▶ [DATA EXCERPTS]
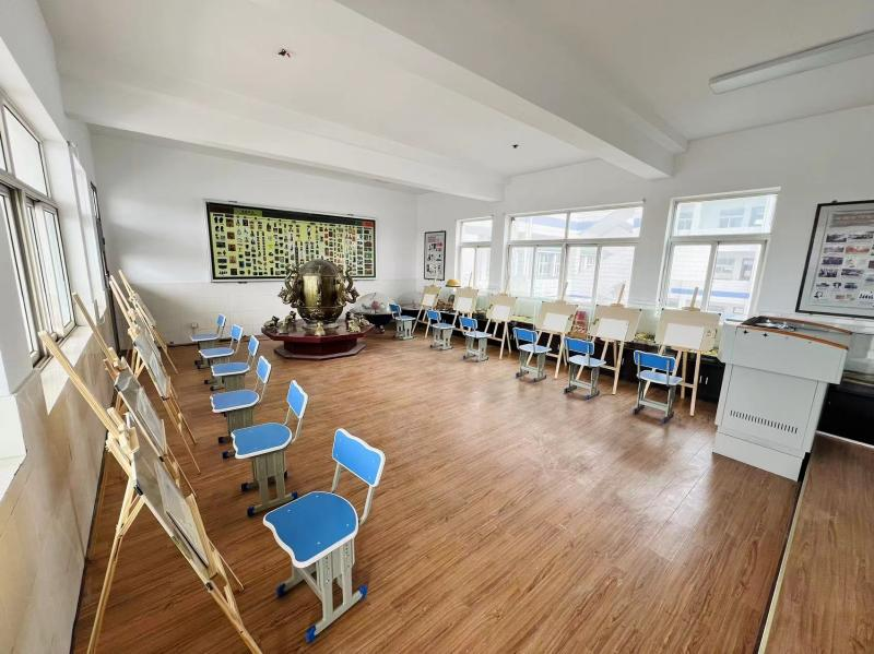美术专用教室是集教学、创作与展示为一体的专业艺术空间。室内配备标准化画架及可调光专业绘画灯,满足素描、色彩、速写等全场景教学需求;墙面设置磁吸式作品展示板与多功能收纳柜,分类存放丙烯颜料、水彩纸、陶泥等耗材及工具。智能化多媒体设备支持高清画作解析与创作过程演示,独立的洗笔水槽与通风系统确保安全环保。这里不仅是技法训练的实践场,更是激发艺术灵感、培育审美素养的创意摇篮。
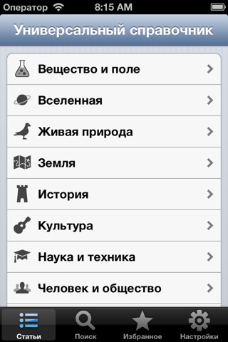 Этот универсальный справочник охватывает практически все сферы человеческой деятельности, что позволяет быстро и легко получить различную информацию из различных областей знаний (физика, химия, география, история, музыка и пр.)
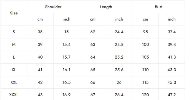 SIZE CHART:
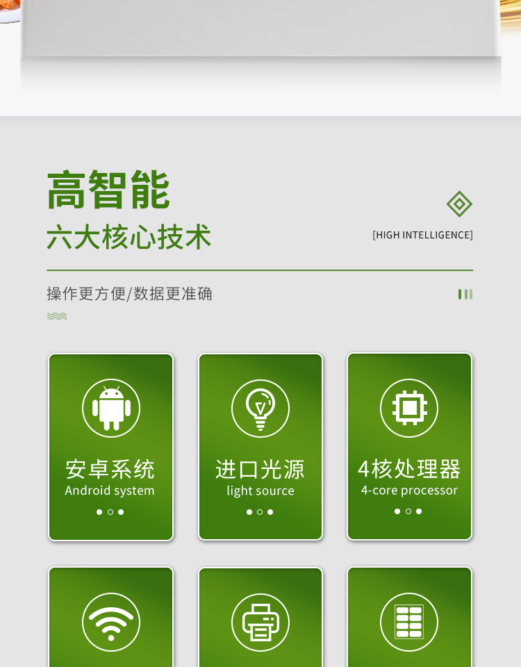 1、安卓智能操作系统,采用更加高效和人性化操作,仪器具有网线连接、wifi联网上传、GPRS无线远传功能,快速上传数据。
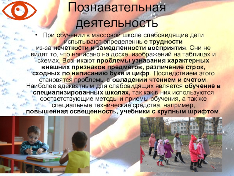 При обучении в массовой школе слабовидящие дети испытывают определенные трудности
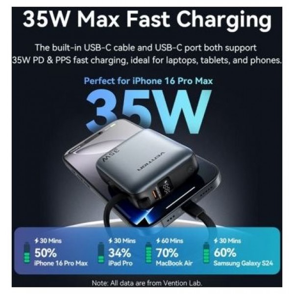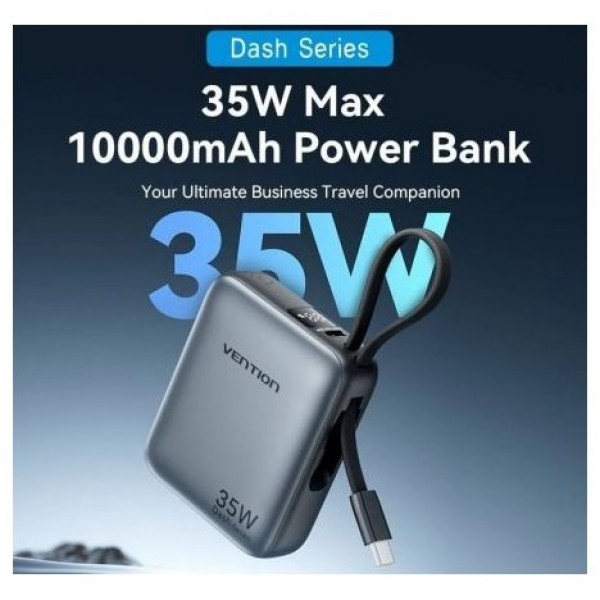 Powerbank 10000mAh Vention FHEH0/ 35W/ Gris/ Incluye Cable USB Tipo-CVention 10000mAh Power Bank 35W Capacidad de 10000 mAh Compacto y portátil Carga rápida PD y PPS de 35 W Cable USB-C integrado para..
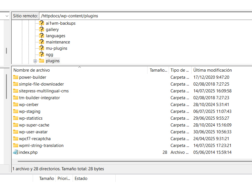 Problema: El cliente está intentando actualizar el plugin sitepress-multilingual-cms.4.7.6 y enfrenta problemas tanto al actualizar desde el back-end como utilizando la aplicación OTGS installer. Además, después de eliminar y regenerar el registro del sitio en el panel de WPML, logró instalar WPML Multilingual CMS y WPML String Translation, pero este último no aparece en la lista de plugins instalados a pesar de estar presente en el servidor via FTP. Solución: Confirmamos que ambos plugins, WPML Multilingual CMS y WPML String Translation (este último aparece como 'Traducción de cadenas'), se instalaron correctamente. Realizamos pruebas rápidas y verificamos que todo funciona como debería. Si estás experimentando este problema, te recomendamos verificar la lista de plugins bajo diferentes nombres, ya que algunos pueden aparecer con su traducción en español.
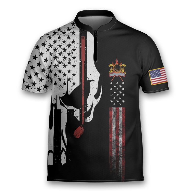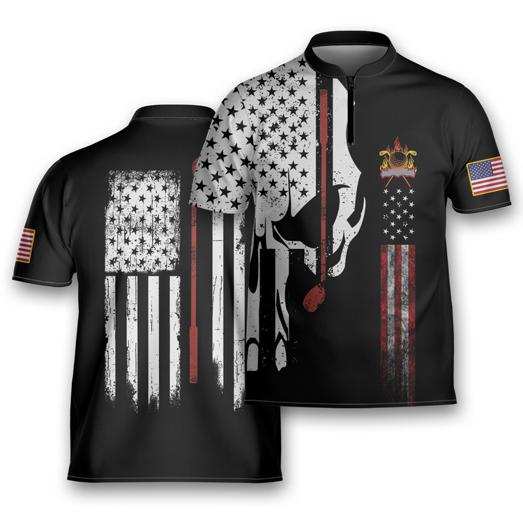 Skull American Flag With Golf Club Golfing Mandarin Zipper Jersey

▶ [BRIEF] Retype the lines above exactly as they appear, from the line containing "1、安卓智能操作系统,采用更" through the line containing "Problema: El cliente", and leave out any pictures.

▶ [ANSWER TO THIS TASK]
 1、安卓智能操作系统,采用更加高效和人性化操作,仪器具有网线连接、wifi联网上传、GPRS无线远传功能,快速上传数据。
 При обучении в массовой школе слабовидящие дети испытывают определенные трудности
 Powerbank 10000mAh Vention FHEH0/ 35W/ Gris/ Incluye Cable USB Tipo-CVention 10000mAh Power Bank 35W Capacidad de 10000 mAh Compacto y portátil Carga rápida PD y PPS de 35 W Cable USB-C integrado para..
 Problema: El cliente está intentando actualizar el plugin sitepress-multilingual-cms.4.7.6 y enfrenta problemas tanto al actualizar desde el back-end como utilizando la aplicación OTGS installer. Además, después de eliminar y regenerar el registro del sitio en el panel de WPML, logró instalar WPML Multilingual CMS y WPML String Translation, pero este último no aparece en la lista de plugins instalados a pesar de estar presente en el servidor via FTP. Solución: Confirmamos que ambos plugins, WPML Multilingual CMS y WPML String Translation (este último aparece como 'Traducción de cadenas'), se instalaron correctamente. Realizamos pruebas rápidas y verificamos que todo funciona como debería. Si estás experimentando este problema, te recomendamos verificar la lista de plugins bajo diferentes nombres, ya que algunos pueden aparecer con su traducción en español.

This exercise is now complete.